Records contained in a dataset:
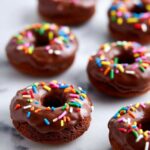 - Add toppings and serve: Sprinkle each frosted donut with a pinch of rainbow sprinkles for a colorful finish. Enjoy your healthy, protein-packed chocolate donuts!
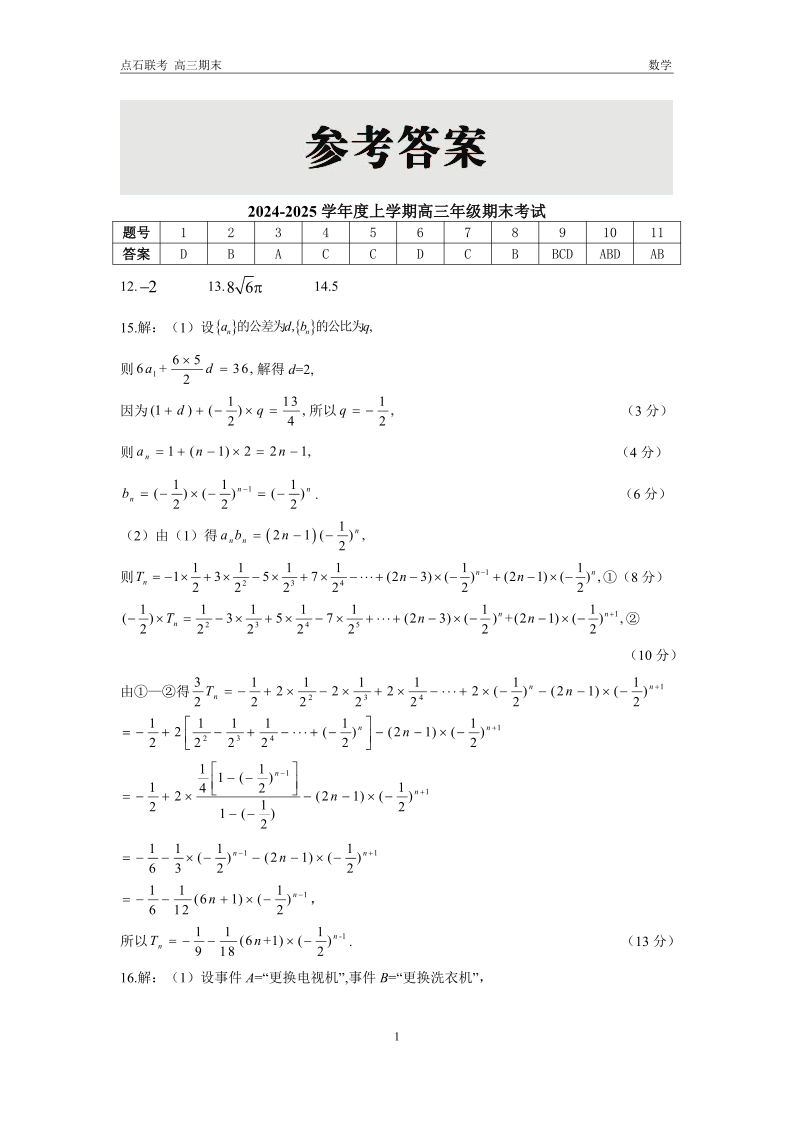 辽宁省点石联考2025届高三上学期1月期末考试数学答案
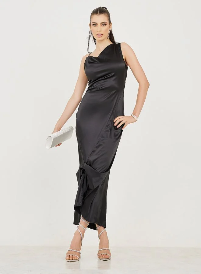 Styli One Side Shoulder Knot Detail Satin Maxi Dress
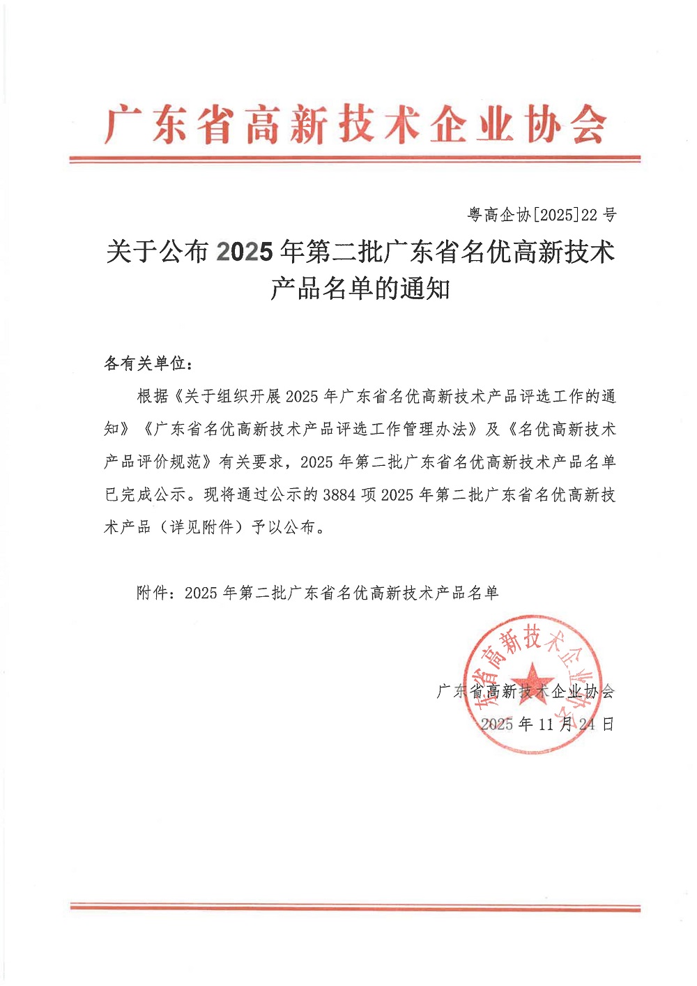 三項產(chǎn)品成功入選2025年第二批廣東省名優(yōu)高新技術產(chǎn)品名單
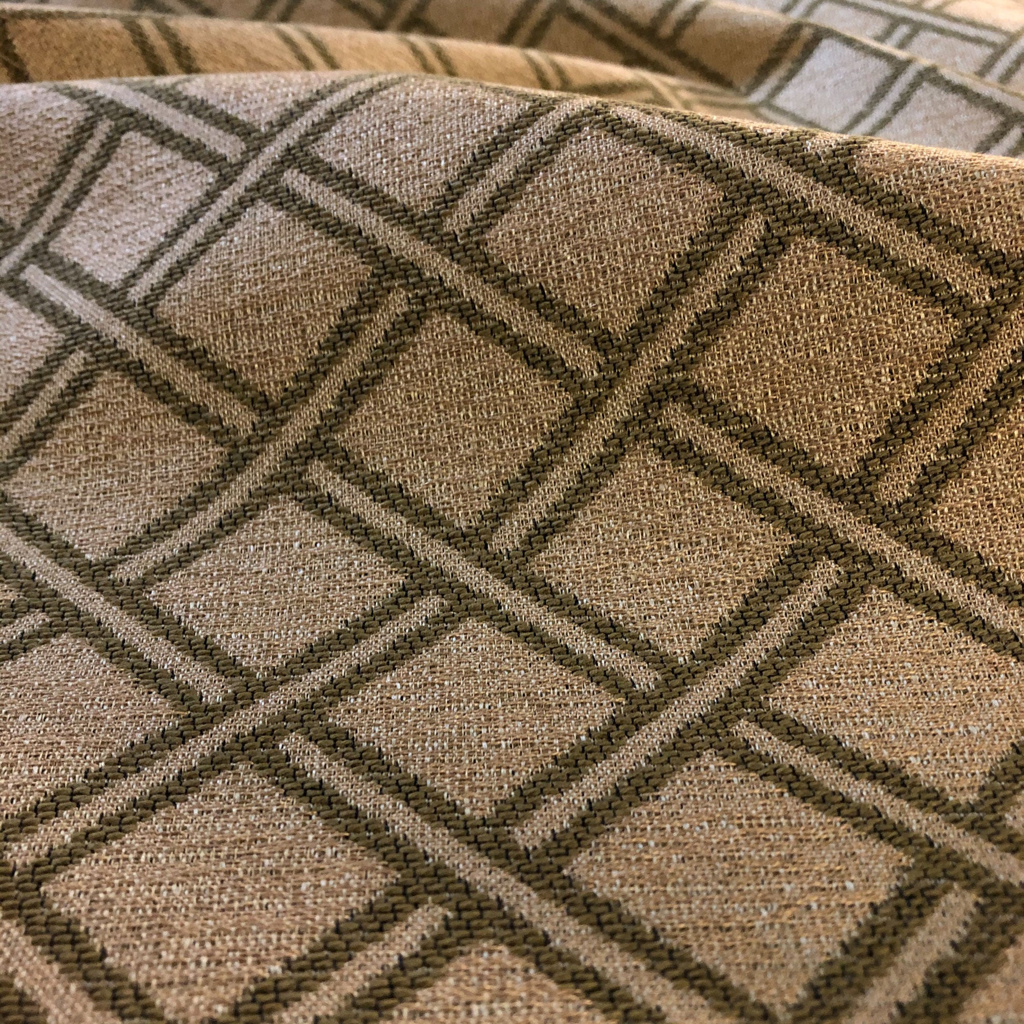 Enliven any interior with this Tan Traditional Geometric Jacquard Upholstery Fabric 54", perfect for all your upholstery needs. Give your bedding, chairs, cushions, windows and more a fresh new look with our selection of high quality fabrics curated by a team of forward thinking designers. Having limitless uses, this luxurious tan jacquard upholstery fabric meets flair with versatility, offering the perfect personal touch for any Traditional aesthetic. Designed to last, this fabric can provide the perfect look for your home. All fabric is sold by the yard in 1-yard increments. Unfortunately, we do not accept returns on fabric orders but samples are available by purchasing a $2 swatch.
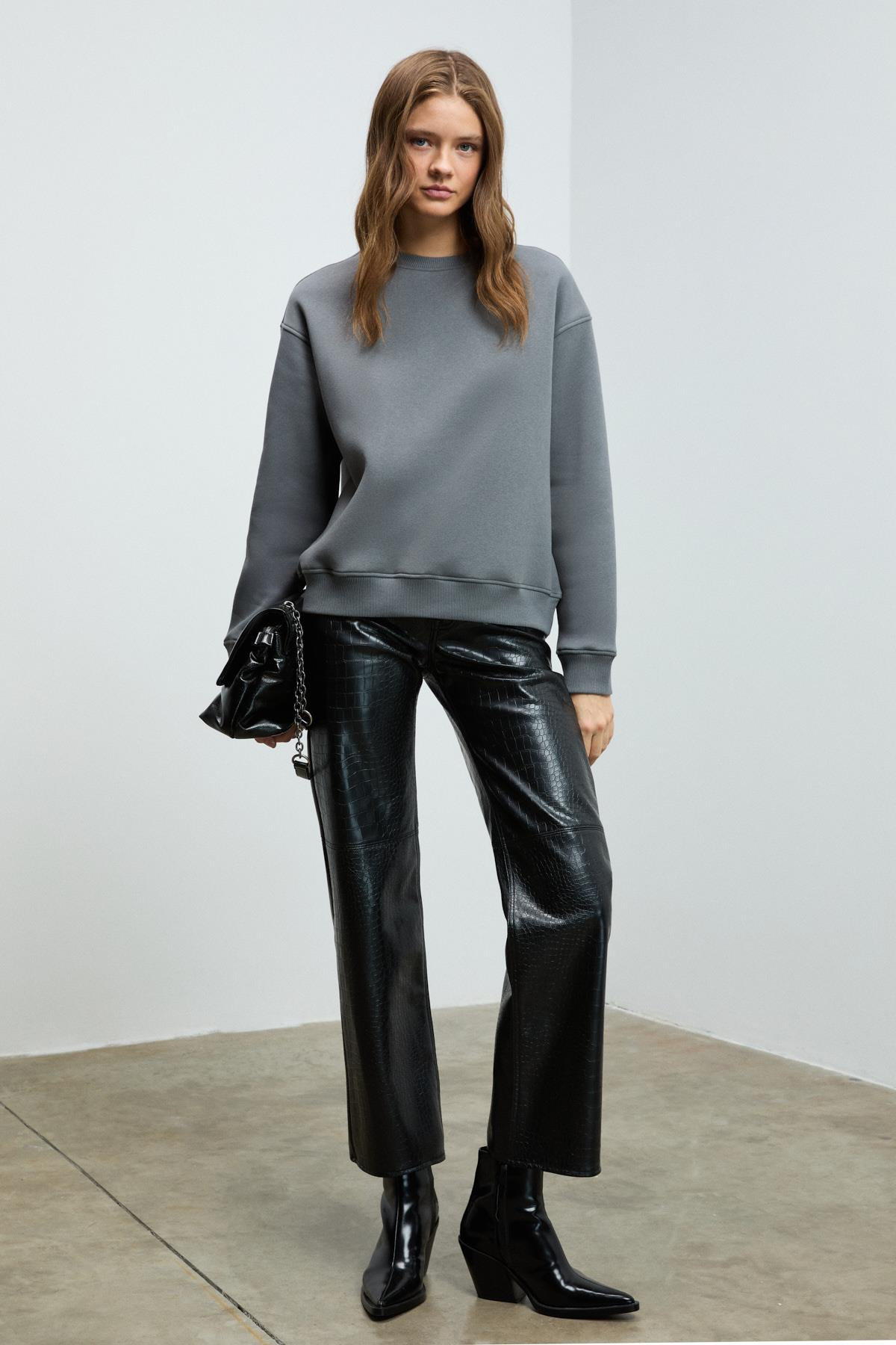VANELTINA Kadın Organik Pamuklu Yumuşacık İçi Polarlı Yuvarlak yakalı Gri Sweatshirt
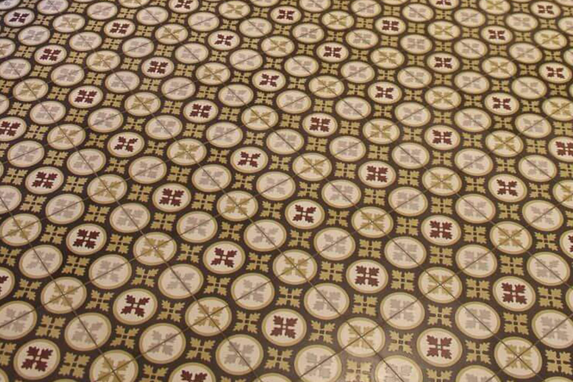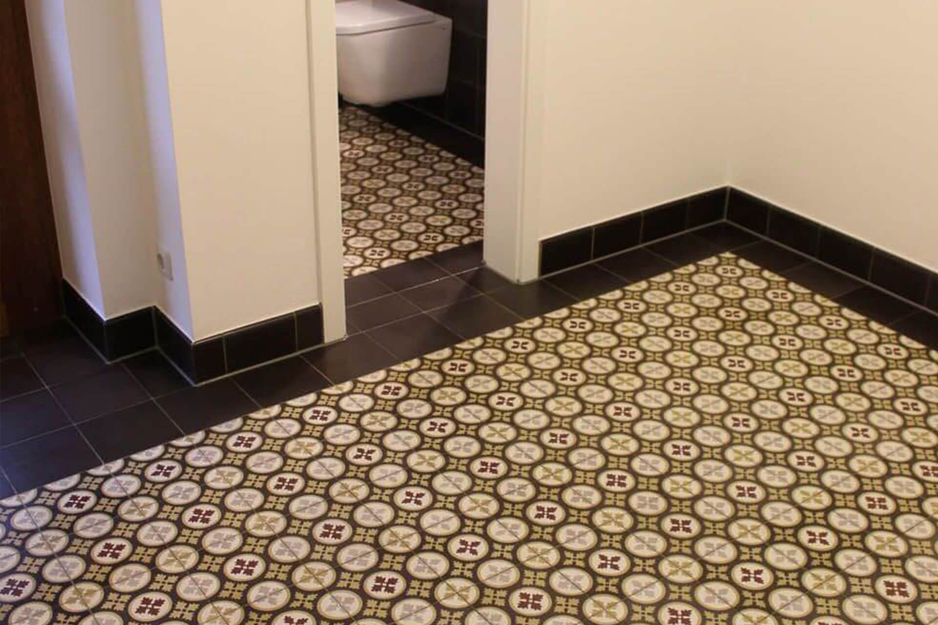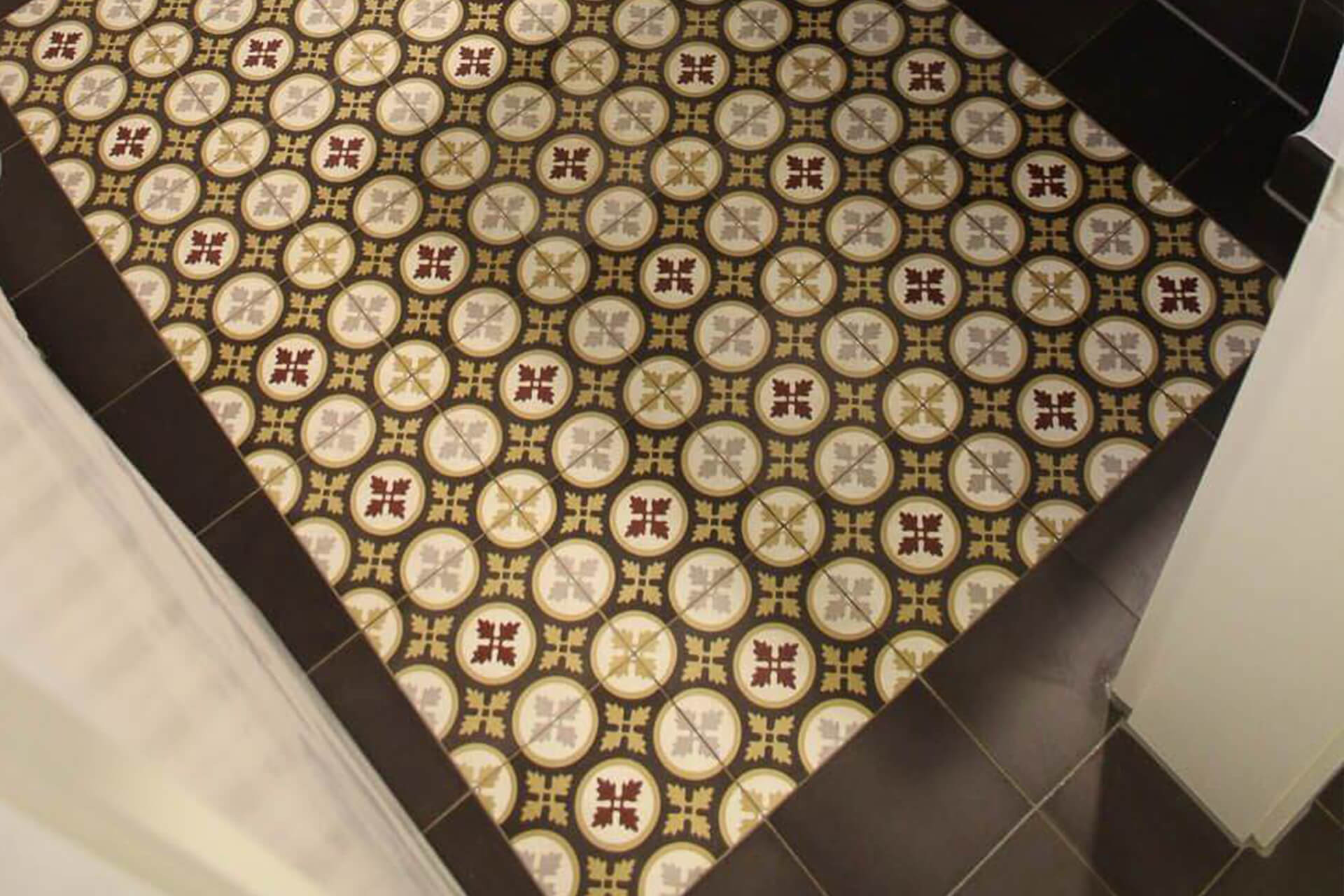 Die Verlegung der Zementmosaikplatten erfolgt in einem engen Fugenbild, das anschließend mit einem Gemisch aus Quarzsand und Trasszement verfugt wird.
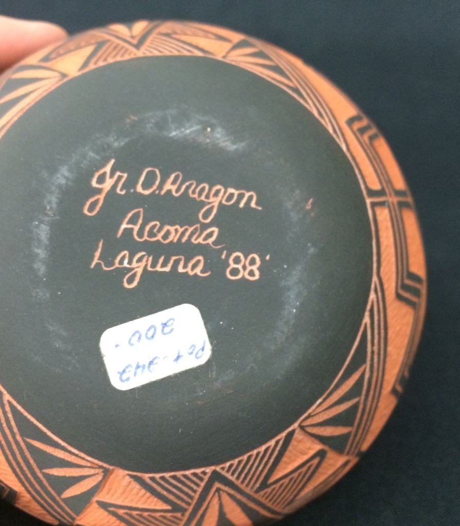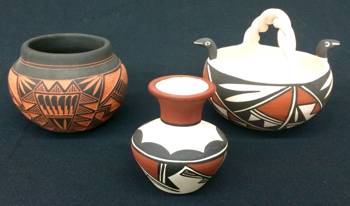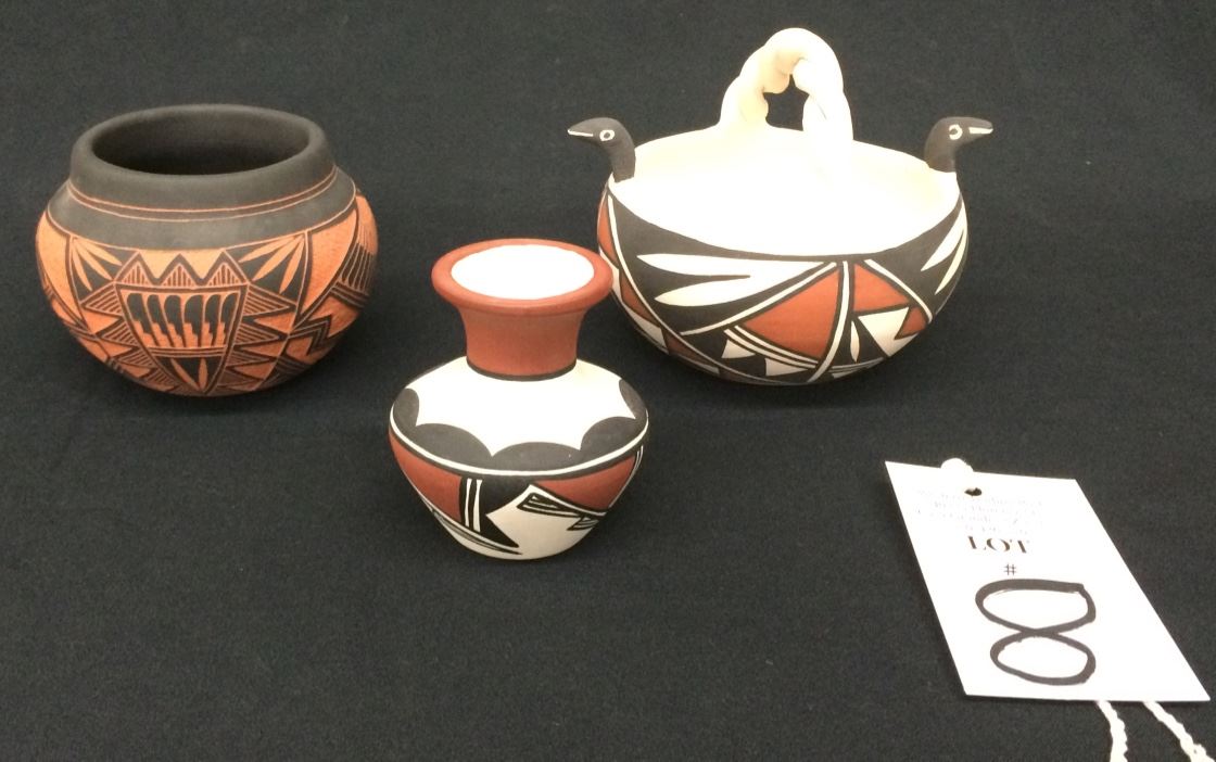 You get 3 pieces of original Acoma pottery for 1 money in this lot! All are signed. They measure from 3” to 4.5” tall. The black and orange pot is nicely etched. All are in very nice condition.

**Exercise brief**:
Your copy should match the records word for word, with the pictures removed.

**Answer box**:
 - Add toppings and serve: Sprinkle each frosted donut with a pinch of rainbow sprinkles for a colorful finish. Enjoy your healthy, protein-packed chocolate donuts!
 辽宁省点石联考2025届高三上学期1月期末考试数学答案
 Styli One Side Shoulder Knot Detail Satin Maxi Dress
 三項產(chǎn)品成功入選2025年第二批廣東省名優(yōu)高新技術產(chǎn)品名單
 Enliven any interior with this Tan Traditional Geometric Jacquard Upholstery Fabric 54", perfect for all your upholstery needs. Give your bedding, chairs, cushions, windows and more a fresh new look with our selection of high quality fabrics curated by a team of forward thinking designers. Having limitless uses, this luxurious tan jacquard upholstery fabric meets flair with versatility, offering the perfect personal touch for any Traditional aesthetic. Designed to last, this fabric can provide the perfect look for your home. All fabric is sold by the yard in 1-yard increments. Unfortunately, we do not accept returns on fabric orders but samples are available by purchasing a $2 swatch.
VANELTINA Kadın Organik Pamuklu Yumuşacık İçi Polarlı Yuvarlak yakalı Gri Sweatshirt
 Die Verlegung der Zementmosaikplatten erfolgt in einem engen Fugenbild, das anschließend mit einem Gemisch aus Quarzsand und Trasszement verfugt wird.
 You get 3 pieces of original Acoma pottery for 1 money in this lot! All are signed. They measure from 3” to 4.5” tall. The black and orange pot is nicely etched. All are in very nice condition.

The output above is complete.